By Bryan Watts
By any standard 2019 was a good year for peregrine falcons in Virginia. The breeding season was the most productive in the state’s history producing 61 young. Reproductive rate was 2.03 young per occupied territory. A bonus was that the gender ratio was an even 50:50. Males are smaller and cheaper for pairs to produce, such that poorer production years are often male biased. The pair nesting on the Finney’s Island tower produced an unusual four-female brood which was quite the boxful. A second-year female produced two young with an 18-year male on the James River Bridge. Most birds do not recruit into the population until age three or four. We have only documented one other female that has successfully produced young as a second-year (2004 on the Berkley Bridge).
Survival to banding age was very good in 2019. Of 20 clutches that were followed completely from laying to fledging, 63 of 76 (82.9%) eggs hatched and 59 of 63 (93.7%) young survived to banding age. Four young were known to have problems after fledging. One bird was picked up by bridge operators on Ben Harrison Bridge and treated for a keel fracture. One bird was recovered from a 19th floor apartment balcony and treated for respiratory problems. One bird was found washed up dead along the shoreline in Westover, Maryland. And one bird was picked up dead near Dulles Airport after apparently being struck by an aircraft.
Efforts continued in 2019 to identify breeding adults via field-readable bands to better understand dispersal and demography throughout the mid-Atlantic region. The banding status of 52 (87%) of the 60 adult peregrines known within the breeding population was determined. Fourteen (27%) of the 52 birds were unbanded. Of the banded birds where state of origin could be determined, 20 were from VA, 5 were from MD, 2 were from NJ, 1 was from PA, and 1 was from DE. Three of the oldest birds in the population during 2018, including the Richmond male (18), the Gull Marsh female (17), and the Elkins Chimney female (16), were lost and replaced before the 2019 breeding season.

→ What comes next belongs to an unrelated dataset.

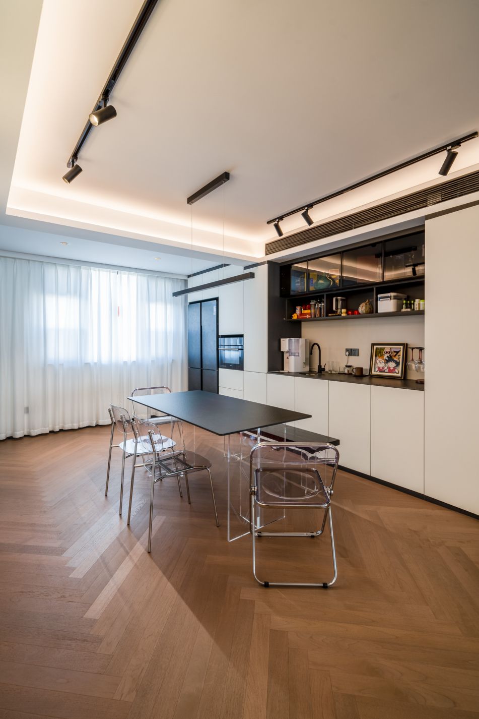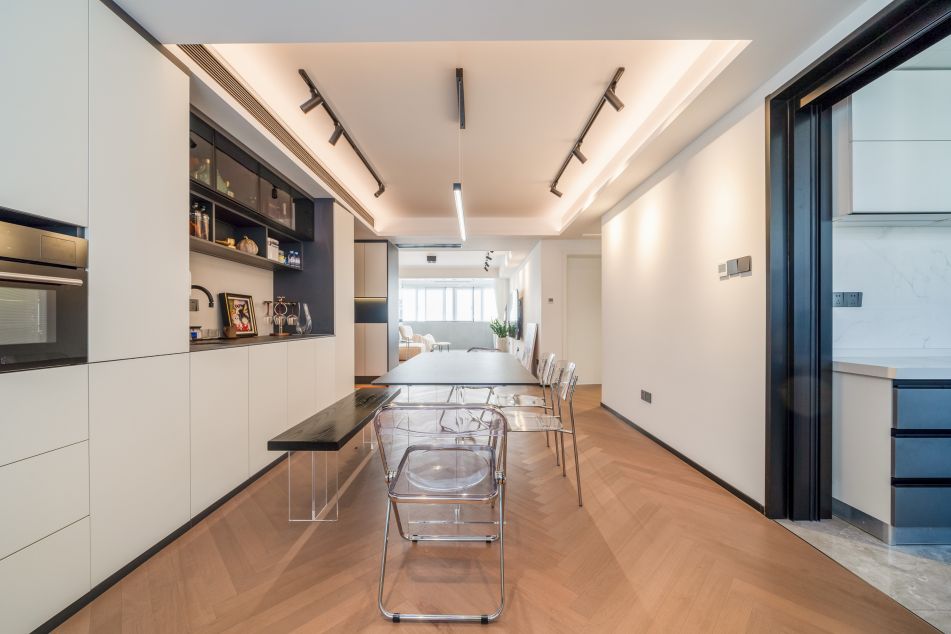 餐廳區域增加了一整面的儲物柜,中間一部分開放展示柜,滿足了日常生活中最頻繁、最實用的區域的收納工作。
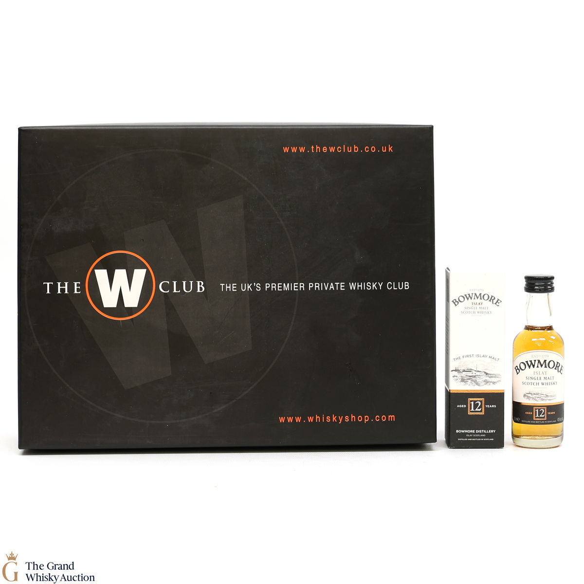 A membership box from The W Club. Inside is a 5cl bottling of Bowmore 12 Year Old (40%), a glass and a copy of Jim Murray's Whisky Bible 2013.

For the 20th consecutive year birds were translocated from the coast to the mountains. Six young falcons (including 2 females and 4 males) were moved to Shenandoah National Park and placed in a hack box on 22 May. Birds were released on 7 June and all were fine until they dispersed from the site.
Managing this widely distributed population would not be possible without an entire community of dedicated peregrine people. Funding and support was provided by the Virginia Department of Game & Inland Fisheries and The Center for Conservation Biology. We thank the many watchers, managers and administrators who make significant contributions to the continued recovery of the population.